»»
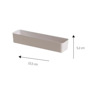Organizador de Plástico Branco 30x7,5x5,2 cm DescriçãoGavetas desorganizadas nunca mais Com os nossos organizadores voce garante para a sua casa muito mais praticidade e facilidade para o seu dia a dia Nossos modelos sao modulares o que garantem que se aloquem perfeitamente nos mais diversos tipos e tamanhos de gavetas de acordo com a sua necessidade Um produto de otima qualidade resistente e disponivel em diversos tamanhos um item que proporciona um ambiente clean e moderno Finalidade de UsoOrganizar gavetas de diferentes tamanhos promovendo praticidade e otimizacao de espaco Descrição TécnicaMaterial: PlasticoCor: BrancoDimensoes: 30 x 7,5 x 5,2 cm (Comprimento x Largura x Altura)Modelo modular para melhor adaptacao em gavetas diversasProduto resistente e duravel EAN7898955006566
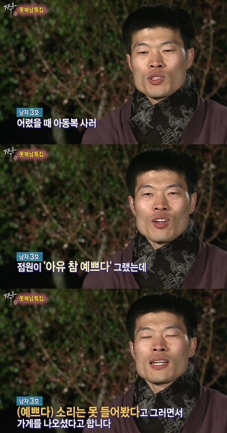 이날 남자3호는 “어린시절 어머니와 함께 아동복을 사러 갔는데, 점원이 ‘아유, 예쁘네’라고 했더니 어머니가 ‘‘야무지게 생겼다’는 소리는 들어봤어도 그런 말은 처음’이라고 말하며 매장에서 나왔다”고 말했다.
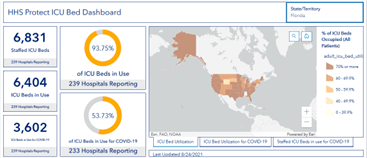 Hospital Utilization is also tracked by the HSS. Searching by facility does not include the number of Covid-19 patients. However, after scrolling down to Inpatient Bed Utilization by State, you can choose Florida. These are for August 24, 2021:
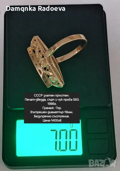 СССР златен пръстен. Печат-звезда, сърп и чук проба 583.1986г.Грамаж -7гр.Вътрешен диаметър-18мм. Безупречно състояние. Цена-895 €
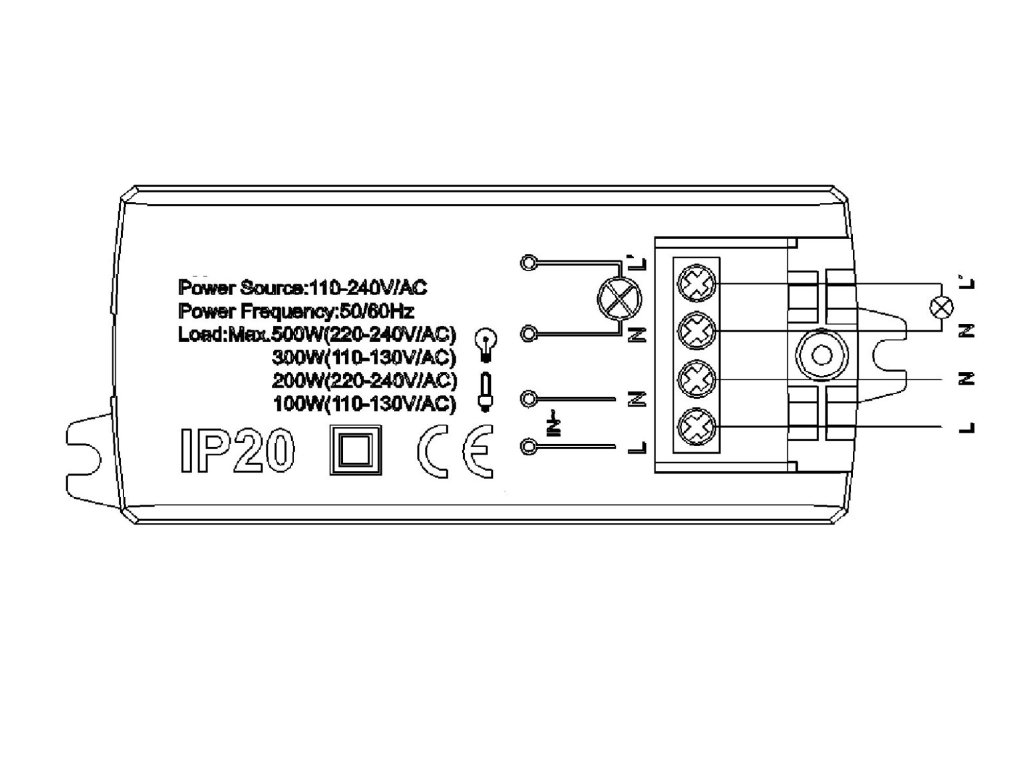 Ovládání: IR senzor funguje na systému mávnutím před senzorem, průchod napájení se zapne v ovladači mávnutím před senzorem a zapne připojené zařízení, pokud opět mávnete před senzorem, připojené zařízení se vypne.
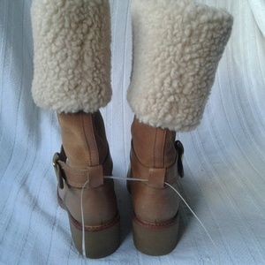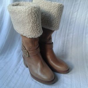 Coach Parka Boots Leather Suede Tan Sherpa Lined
««
Exercise goal ▸ Reproduce the entire listing above precisely, but keep the images out.

Answer below ▸
Organizador de Plástico Branco 30x7,5x5,2 cm DescriçãoGavetas desorganizadas nunca mais Com os nossos organizadores voce garante para a sua casa muito mais praticidade e facilidade para o seu dia a dia Nossos modelos sao modulares o que garantem que se aloquem perfeitamente nos mais diversos tipos e tamanhos de gavetas de acordo com a sua necessidade Um produto de otima qualidade resistente e disponivel em diversos tamanhos um item que proporciona um ambiente clean e moderno Finalidade de UsoOrganizar gavetas de diferentes tamanhos promovendo praticidade e otimizacao de espaco Descrição TécnicaMaterial: PlasticoCor: BrancoDimensoes: 30 x 7,5 x 5,2 cm (Comprimento x Largura x Altura)Modelo modular para melhor adaptacao em gavetas diversasProduto resistente e duravel EAN7898955006566
 이날 남자3호는 “어린시절 어머니와 함께 아동복을 사러 갔는데, 점원이 ‘아유, 예쁘네’라고 했더니 어머니가 ‘‘야무지게 생겼다’는 소리는 들어봤어도 그런 말은 처음’이라고 말하며 매장에서 나왔다”고 말했다.
 Hospital Utilization is also tracked by the HSS. Searching by facility does not include the number of Covid-19 patients. However, after scrolling down to Inpatient Bed Utilization by State, you can choose Florida. These are for August 24, 2021:
 СССР златен пръстен. Печат-звезда, сърп и чук проба 583.1986г.Грамаж -7гр.Вътрешен диаметър-18мм. Безупречно състояние. Цена-895 €
 Ovládání: IR senzor funguje na systému mávnutím před senzorem, průchod napájení se zapne v ovladači mávnutím před senzorem a zapne připojené zařízení, pokud opět mávnete před senzorem, připojené zařízení se vypne.
 Coach Parka Boots Leather Suede Tan Sherpa Lined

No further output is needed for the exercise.